You can enable query acceleration globally for all Spark jobs or at the individual job level.
Option 1: Global configuration (console)
-
Log on to the Alibaba Cloud EMR console.
-
In the top navigation bar, select the region of your cluster.
-
Click the Cluster Management tab.
-
Find your cluster and click Details in the Actions column.
-
In the left-side navigation pane, choose Cluster Service > Spark.
-
Click the Configure tab.
-
Search for the
spark.sql.extensionsparameter and set its value to:io.delta.sql.DeltaSparkSessionExtension,com.aliyun.emr.sql.JindoTableExtension -
Click Save in the upper-right corner. In the Confirm Changes dialog box, enter a description and click OK.
-
Choose Actions > Restart ThriftServer in the upper-right corner. In the Cluster Activities dialog box, enter a description and click OK. Then click OK in the confirmation message.
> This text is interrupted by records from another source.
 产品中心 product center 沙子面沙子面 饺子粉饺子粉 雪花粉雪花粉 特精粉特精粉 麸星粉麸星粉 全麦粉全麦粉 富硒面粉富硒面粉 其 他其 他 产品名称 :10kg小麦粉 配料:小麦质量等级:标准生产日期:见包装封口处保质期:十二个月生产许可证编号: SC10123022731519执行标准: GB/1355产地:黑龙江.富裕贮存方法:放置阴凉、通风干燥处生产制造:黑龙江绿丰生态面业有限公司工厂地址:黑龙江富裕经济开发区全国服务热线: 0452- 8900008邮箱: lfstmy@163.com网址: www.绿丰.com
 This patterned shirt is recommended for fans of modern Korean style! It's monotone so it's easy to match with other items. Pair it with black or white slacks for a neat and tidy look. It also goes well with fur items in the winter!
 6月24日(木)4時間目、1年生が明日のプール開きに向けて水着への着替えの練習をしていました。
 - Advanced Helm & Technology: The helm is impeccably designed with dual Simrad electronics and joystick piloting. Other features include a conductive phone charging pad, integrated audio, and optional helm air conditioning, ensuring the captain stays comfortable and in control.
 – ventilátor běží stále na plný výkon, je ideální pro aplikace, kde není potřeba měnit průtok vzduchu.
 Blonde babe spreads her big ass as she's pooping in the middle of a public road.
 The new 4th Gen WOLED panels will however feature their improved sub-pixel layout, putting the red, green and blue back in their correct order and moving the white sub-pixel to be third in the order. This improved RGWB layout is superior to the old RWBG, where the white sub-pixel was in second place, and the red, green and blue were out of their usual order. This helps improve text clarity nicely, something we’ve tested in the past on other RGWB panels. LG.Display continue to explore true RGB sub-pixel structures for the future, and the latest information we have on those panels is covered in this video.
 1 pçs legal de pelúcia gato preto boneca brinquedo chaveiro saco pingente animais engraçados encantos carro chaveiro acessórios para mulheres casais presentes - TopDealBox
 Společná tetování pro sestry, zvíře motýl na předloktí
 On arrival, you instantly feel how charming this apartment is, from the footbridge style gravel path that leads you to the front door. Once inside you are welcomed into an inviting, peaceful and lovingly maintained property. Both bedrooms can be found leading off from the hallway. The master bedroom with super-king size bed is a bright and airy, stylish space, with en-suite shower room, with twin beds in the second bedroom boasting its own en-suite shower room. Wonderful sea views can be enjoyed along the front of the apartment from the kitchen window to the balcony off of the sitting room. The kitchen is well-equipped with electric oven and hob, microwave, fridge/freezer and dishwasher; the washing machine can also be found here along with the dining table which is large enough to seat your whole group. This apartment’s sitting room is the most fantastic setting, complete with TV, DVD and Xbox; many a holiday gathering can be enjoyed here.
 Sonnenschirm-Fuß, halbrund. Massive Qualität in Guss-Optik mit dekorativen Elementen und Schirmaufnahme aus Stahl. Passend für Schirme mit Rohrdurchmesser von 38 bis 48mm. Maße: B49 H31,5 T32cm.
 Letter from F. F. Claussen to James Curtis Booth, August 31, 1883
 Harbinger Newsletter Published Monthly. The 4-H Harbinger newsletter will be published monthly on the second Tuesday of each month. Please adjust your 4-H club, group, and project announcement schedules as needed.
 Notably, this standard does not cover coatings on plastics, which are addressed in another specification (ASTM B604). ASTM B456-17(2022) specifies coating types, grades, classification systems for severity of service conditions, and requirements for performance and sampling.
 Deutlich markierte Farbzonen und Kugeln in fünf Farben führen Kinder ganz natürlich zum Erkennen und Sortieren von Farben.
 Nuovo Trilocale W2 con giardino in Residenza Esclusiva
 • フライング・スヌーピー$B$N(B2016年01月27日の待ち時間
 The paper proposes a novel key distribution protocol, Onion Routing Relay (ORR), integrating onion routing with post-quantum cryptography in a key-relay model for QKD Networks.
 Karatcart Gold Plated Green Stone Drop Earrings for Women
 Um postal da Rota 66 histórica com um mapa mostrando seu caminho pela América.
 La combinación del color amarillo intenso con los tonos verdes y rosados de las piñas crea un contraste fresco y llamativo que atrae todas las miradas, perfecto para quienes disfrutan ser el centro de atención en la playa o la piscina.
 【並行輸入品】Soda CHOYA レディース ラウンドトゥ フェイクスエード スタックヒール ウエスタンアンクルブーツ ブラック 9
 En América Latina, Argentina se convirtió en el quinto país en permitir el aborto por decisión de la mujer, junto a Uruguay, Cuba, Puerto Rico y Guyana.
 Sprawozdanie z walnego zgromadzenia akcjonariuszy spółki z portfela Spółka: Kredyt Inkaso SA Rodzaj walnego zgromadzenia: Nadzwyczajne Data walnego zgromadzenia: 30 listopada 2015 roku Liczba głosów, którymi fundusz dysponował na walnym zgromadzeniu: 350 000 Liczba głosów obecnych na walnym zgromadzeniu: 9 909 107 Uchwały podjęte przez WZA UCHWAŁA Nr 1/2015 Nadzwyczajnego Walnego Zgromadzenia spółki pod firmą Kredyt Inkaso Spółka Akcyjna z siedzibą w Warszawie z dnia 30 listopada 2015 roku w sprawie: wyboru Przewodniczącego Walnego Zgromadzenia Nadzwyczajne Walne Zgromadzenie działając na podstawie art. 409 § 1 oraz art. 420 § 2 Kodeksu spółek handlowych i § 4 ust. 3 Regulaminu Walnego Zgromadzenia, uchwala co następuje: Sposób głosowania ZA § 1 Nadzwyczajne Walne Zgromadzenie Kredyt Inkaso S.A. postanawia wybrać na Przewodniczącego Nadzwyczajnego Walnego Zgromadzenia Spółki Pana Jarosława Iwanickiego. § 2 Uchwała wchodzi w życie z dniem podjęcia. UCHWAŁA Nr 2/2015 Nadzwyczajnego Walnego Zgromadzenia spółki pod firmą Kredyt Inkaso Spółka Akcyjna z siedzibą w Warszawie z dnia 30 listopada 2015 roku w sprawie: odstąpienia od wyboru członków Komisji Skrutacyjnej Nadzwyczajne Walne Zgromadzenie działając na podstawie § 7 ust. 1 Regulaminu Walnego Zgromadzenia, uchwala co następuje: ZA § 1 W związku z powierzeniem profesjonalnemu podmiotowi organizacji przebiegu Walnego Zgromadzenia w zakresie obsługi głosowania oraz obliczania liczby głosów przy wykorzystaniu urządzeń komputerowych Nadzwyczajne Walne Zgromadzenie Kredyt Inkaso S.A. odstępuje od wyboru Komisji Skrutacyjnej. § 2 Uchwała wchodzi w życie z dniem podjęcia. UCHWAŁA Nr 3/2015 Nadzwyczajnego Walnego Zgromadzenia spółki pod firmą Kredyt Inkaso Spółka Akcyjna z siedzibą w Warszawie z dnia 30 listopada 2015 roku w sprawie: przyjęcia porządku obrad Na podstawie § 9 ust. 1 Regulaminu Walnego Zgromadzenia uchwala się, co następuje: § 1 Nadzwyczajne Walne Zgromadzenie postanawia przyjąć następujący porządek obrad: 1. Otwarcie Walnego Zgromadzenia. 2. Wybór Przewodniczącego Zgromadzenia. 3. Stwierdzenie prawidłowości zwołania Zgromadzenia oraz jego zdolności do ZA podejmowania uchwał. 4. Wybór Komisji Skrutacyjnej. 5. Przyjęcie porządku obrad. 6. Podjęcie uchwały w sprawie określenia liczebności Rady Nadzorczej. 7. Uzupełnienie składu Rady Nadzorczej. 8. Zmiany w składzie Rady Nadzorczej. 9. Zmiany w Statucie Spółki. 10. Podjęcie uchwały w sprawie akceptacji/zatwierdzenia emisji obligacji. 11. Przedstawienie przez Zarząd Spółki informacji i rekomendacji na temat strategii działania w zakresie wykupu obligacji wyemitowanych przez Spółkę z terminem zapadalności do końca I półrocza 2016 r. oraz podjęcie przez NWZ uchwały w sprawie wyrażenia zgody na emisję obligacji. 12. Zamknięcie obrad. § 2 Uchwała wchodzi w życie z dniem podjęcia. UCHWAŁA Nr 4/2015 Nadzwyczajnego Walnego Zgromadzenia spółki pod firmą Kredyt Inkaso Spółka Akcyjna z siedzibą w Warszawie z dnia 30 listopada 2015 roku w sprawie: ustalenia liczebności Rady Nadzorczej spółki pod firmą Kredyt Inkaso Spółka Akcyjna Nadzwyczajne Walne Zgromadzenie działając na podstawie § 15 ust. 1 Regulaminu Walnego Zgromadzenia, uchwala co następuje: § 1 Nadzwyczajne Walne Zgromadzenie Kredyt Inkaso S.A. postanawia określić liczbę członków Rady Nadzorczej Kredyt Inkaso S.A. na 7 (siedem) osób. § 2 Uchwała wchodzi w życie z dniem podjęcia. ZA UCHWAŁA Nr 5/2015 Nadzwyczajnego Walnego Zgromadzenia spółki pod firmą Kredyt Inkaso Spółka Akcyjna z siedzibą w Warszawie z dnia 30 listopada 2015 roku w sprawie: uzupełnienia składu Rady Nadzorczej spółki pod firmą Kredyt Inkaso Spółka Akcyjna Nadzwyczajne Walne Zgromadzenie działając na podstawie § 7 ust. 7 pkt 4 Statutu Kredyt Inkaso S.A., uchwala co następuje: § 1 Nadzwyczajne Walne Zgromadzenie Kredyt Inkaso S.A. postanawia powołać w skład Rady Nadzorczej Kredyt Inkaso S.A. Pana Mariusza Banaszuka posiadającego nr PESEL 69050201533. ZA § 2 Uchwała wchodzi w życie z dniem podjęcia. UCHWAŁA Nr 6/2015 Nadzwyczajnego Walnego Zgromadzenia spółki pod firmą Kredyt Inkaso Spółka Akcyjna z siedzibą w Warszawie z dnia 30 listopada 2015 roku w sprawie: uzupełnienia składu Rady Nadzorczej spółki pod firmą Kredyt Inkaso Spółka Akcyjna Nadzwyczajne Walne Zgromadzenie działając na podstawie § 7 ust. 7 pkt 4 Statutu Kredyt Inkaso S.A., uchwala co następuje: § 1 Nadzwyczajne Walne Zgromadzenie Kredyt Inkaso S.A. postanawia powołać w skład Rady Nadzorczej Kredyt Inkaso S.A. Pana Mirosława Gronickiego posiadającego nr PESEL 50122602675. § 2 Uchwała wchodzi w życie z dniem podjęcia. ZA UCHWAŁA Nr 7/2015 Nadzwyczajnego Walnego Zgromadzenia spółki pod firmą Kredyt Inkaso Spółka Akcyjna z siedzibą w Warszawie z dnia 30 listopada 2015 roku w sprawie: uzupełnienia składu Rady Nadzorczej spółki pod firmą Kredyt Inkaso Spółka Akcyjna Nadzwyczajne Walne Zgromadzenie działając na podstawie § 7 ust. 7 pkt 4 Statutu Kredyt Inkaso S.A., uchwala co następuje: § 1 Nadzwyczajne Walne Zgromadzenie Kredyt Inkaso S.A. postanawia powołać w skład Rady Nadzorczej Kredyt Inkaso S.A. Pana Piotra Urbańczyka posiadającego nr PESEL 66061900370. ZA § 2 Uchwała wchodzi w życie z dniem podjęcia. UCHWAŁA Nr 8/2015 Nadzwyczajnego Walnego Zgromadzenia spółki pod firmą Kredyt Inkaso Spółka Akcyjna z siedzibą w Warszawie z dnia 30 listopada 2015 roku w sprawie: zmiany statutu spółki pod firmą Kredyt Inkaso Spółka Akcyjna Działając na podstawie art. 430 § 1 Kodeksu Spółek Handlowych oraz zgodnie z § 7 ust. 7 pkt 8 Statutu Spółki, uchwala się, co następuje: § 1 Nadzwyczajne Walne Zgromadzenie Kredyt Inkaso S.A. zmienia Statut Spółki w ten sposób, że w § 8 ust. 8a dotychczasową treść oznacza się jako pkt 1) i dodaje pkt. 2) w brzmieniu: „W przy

Option 2: Job-level configuration
Add the following flag when submitting a Spark Shell or Spark SQL job:
--conf spark.sql.extensions=io.delta.sql.DeltaSparkSessionExtension,com.aliyun.emr.sql.JindoTableExtension
For details, see Configure a Spark Shell job or Configure a Spark SQL job.
Verify that acceleration is enabled
-
Open the Spark History Server web UI.
-
Click the SQL tab and find your query.
If JindoDataSourceV2Scan appears in the query plan, acceleration is active. If it does not appear, verify the spark.sql.extensions configuration in the steps above.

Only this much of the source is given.